Delay in agent response after initial greeting

@Yash_Zinzuwadiya, the “needs to speak 2-3 times loudly” part is an audio-level signal. PSTN audio from Indian carriers often lands lower than US/EU baseline, and combined with codec compression (especially if your trunk transcodes between Opus and G.711), the first speech burst can fall below Deepgram’s energy floor. Same root-cause class as the Telnyx + French thread last week. Check your trunk codec preferences (force G.711 only, whichever variant your carrier supports) and disable any AGC or audio modifications on the trunk side.

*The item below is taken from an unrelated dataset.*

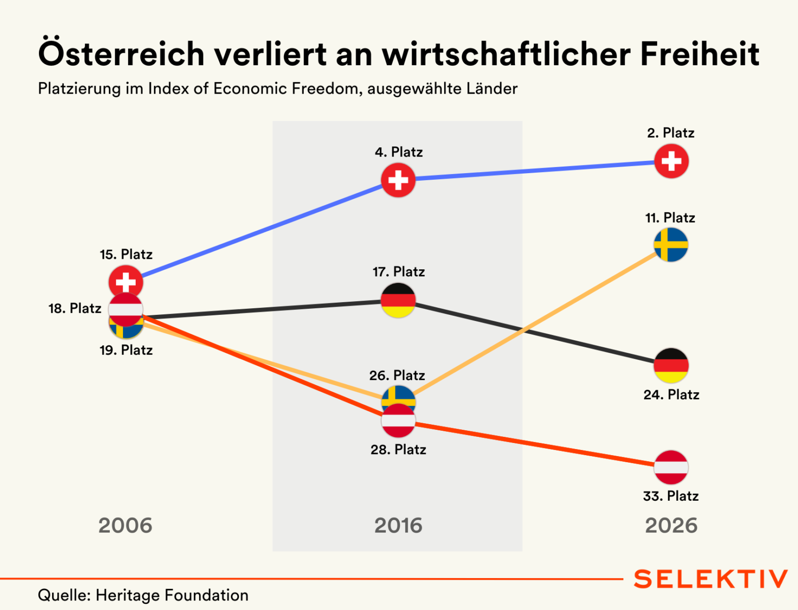 Österreich fällt im „Index of Economic Freedom“ der Heritage Foundation von Platz 18 (2006) über Platz 28 (2016) auf Platz 33 (2026) zurück. Im gleichen Zeitraum kann die Schweiz von Platz 15 (2006) auf den starken 2. Platz (2026) klettern. Schweden verbessert sich von Rang 19 (2006) auf Platz 11 (2026). Deutschland befindet sich wie Österreich auf einem Abwärtstrend und verlor seit 2016 (Rang 17) 7 Plätze (2026: Rang 24). Besonders schlecht schneidet Österreich in den Bereichen „Staatsausgaben“ und „Steuerlast“ ab.

The “Hindi-specifically” part points at STT model fit. nova-3-multilingual is a general multilingual model; Hindi performance varies a lot compared to language-specialized options. Worth A/B-ing against Sarvam (Indian-language specialized), Soniox, or ElevenLabs Scribe v2 on the same recorded audio.

@Pawel_Lach from ai-coustics raised this same tradeoff on a recent multilingual STT thread.

Also worth checking your VAD config. Silero’s default activation_threshold (0.5) can be too high for Hindi prosody. Dropping to 0.3 with min_silence_duration around 0.3 usually catches Hindi speech onset better.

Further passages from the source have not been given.